### DATA
┄┄┄┄┄┄┄┄┄┄

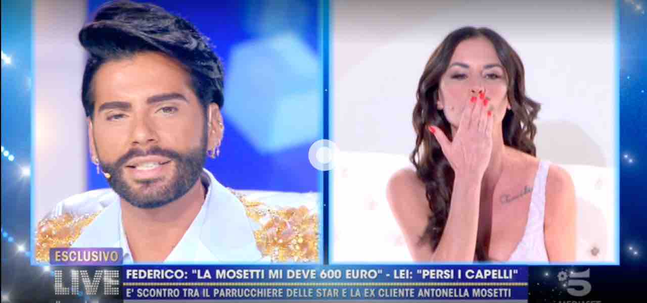 Antonella Mosetti vs Federico Fashion Style a Live Non è la D’Urso per la questione extension. La ex Non è la Rai è furente contro il parrucchiere delle vip: “non sono l’unica nello spettacolo, sono tantissime le persone che ti hanno esposto dei problemi, sei tu che dovresti pagare quelle come noi che ti fanno pubblicità”. Federico però replica: “ho il doppio dei tuoi follower e hai detto che faccio delle trasmissioni televisive pagandole. Ma che problema hai?”. Ma non finisce qui, visto che il parrucchiere torna sulla questione di un mancato pagamento di circa 600 euro che la Mosetti non avrebbe pagato, ma la showgirl non ci sta: “io ti mangio! Ti ho pagato in nero, dici solo stronzate, fai venire il sangue alle tempie”. Poi si torna a parlare dei prezzi folli del salone del parrucchiere con la storia di una donna che ha dovuto pagare quasi 6000 euro. La Mosetti dopo il video commenta: “ma nemmeno se andavi 20 anni fa da Coppola cifre del genere non si sono mai sentite nella vita”, ma la ex concorrente del Grande Fratello Vip si ritrova improvvisamente protagonista di una busta choc.
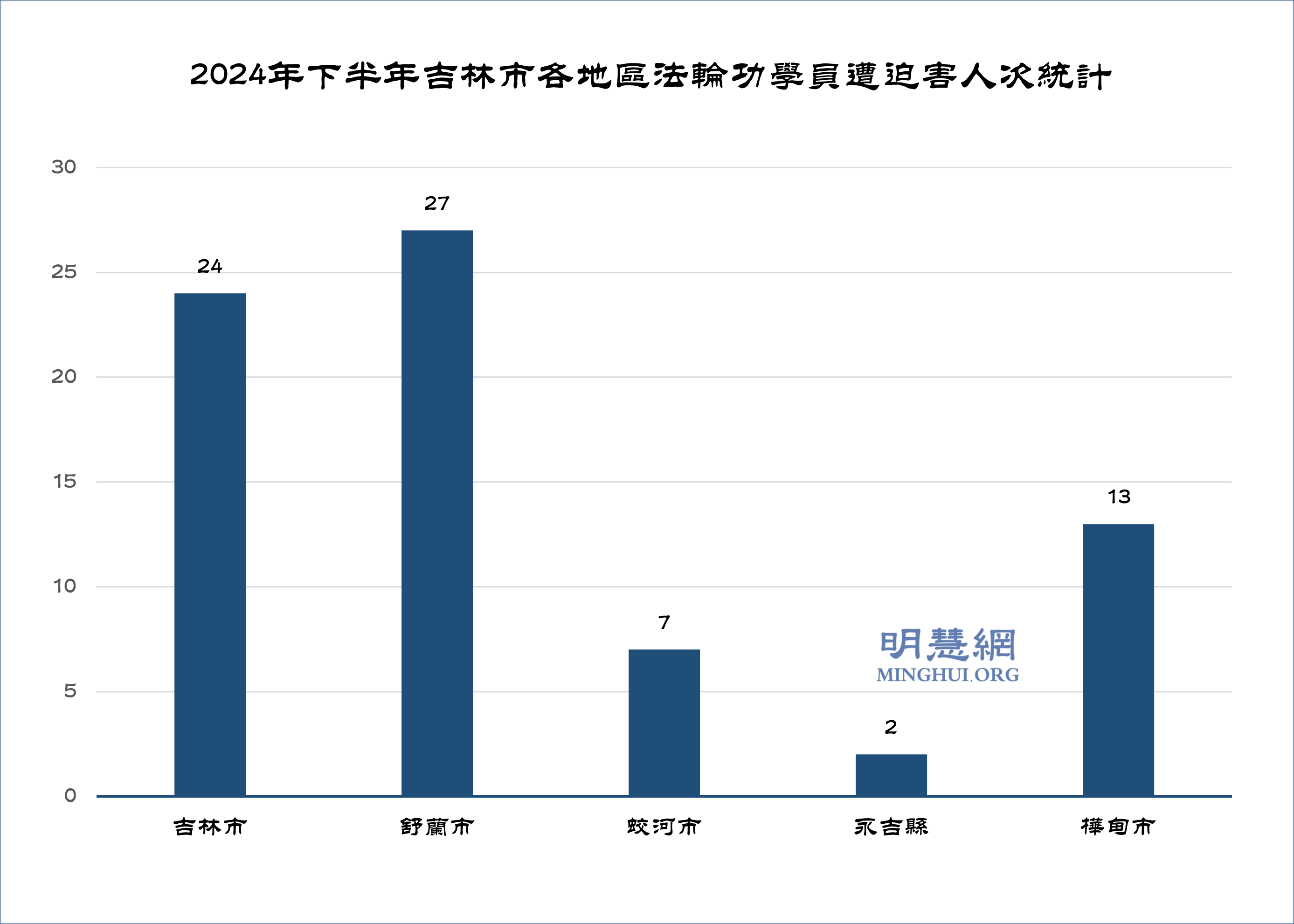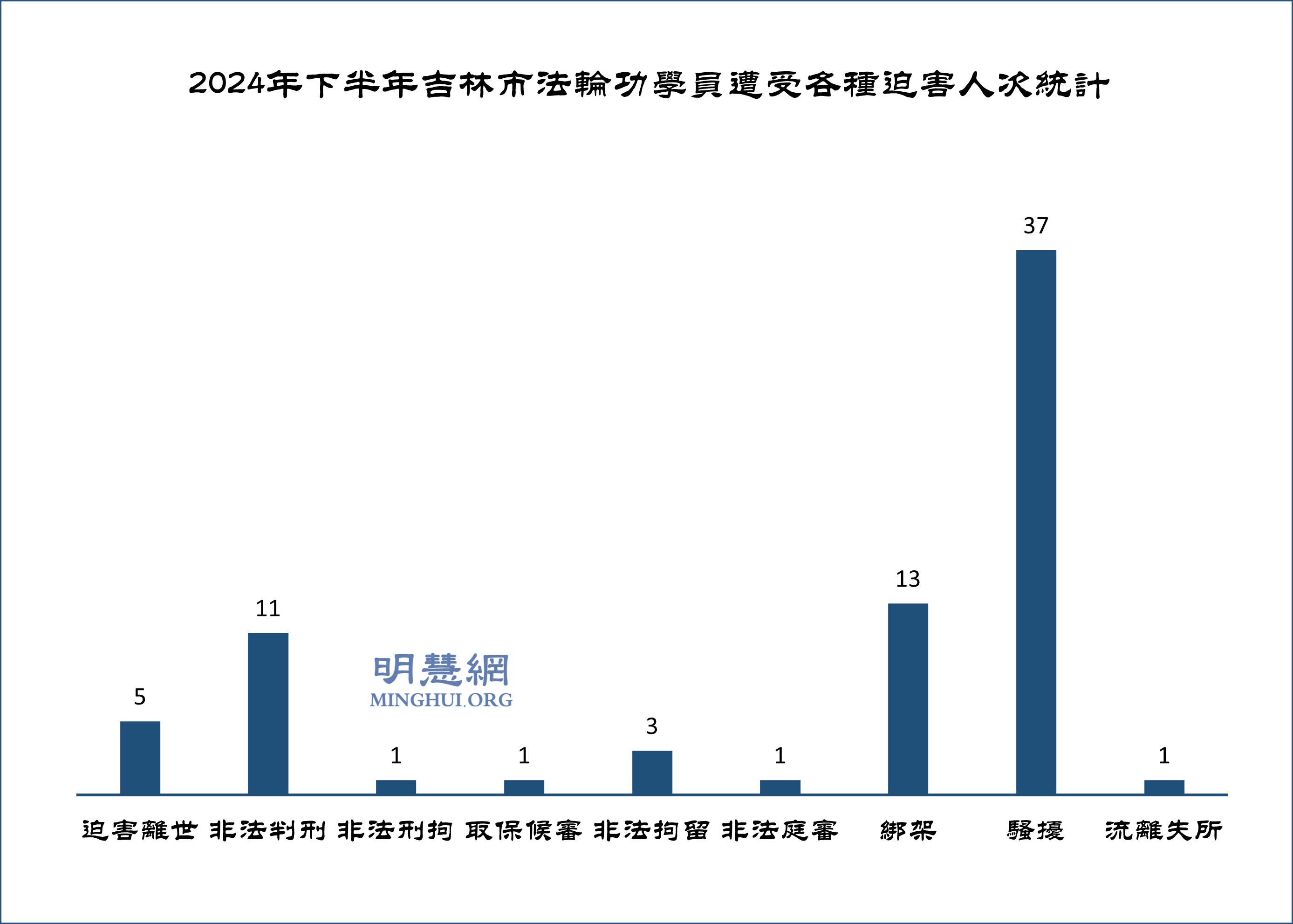 ![]() 图1:2024年下半年吉林市法轮功学员遭受各种迫害人次统计 |
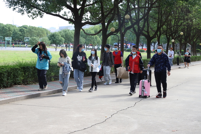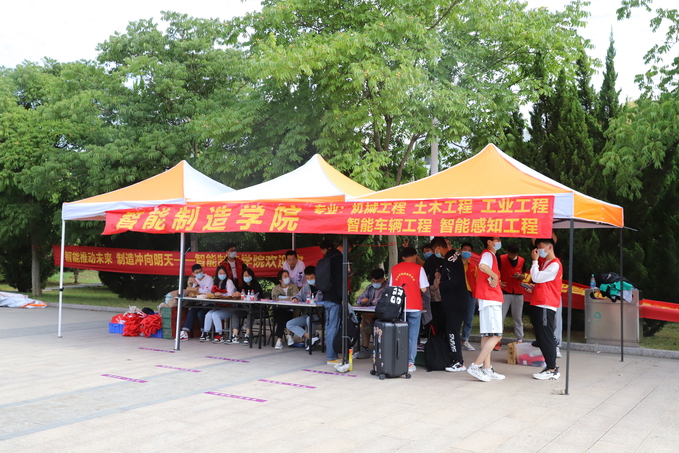 2021年10月12日-13日,来自五湖四海的学子,手捧录取通知书,带着梦想踏入紫金校园。初入校园,一排排迎新帐篷、迎新标语和引导牌错落分布,校园处处干净整洁,学工处、保卫处、总务处等部门各司其职、相互配合,严格执行疫情防控要求,筑牢校园疫情防控安全防线,为新生们入学保驾护航。
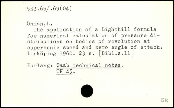 The application of a Lighthill formula for numerical calculation of pressure distributions on bodies of revolution at supersonic speed and zero angle of attack. Linköping 1960.

┄┄┄┄┄┄┄┄┄┄

### THE PROBLEM
Set down the material above as is, without any pictures.

### THE ANSWER
 Antonella Mosetti vs Federico Fashion Style a Live Non è la D’Urso per la questione extension. La ex Non è la Rai è furente contro il parrucchiere delle vip: “non sono l’unica nello spettacolo, sono tantissime le persone che ti hanno esposto dei problemi, sei tu che dovresti pagare quelle come noi che ti fanno pubblicità”. Federico però replica: “ho il doppio dei tuoi follower e hai detto che faccio delle trasmissioni televisive pagandole. Ma che problema hai?”. Ma non finisce qui, visto che il parrucchiere torna sulla questione di un mancato pagamento di circa 600 euro che la Mosetti non avrebbe pagato, ma la showgirl non ci sta: “io ti mangio! Ti ho pagato in nero, dici solo stronzate, fai venire il sangue alle tempie”. Poi si torna a parlare dei prezzi folli del salone del parrucchiere con la storia di una donna che ha dovuto pagare quasi 6000 euro. La Mosetti dopo il video commenta: “ma nemmeno se andavi 20 anni fa da Coppola cifre del genere non si sono mai sentite nella vita”, ma la ex concorrente del Grande Fratello Vip si ritrova improvvisamente protagonista di una busta choc.
 ![]() 图1:2024年下半年吉林市法轮功学员遭受各种迫害人次统计 |
 2021年10月12日-13日,来自五湖四海的学子,手捧录取通知书,带着梦想踏入紫金校园。初入校园,一排排迎新帐篷、迎新标语和引导牌错落分布,校园处处干净整洁,学工处、保卫处、总务处等部门各司其职、相互配合,严格执行疫情防控要求,筑牢校园疫情防控安全防线,为新生们入学保驾护航。
 The application of a Lighthill formula for numerical calculation of pressure distributions on bodies of revolution at supersonic speed and zero angle of attack. Linköping 1960.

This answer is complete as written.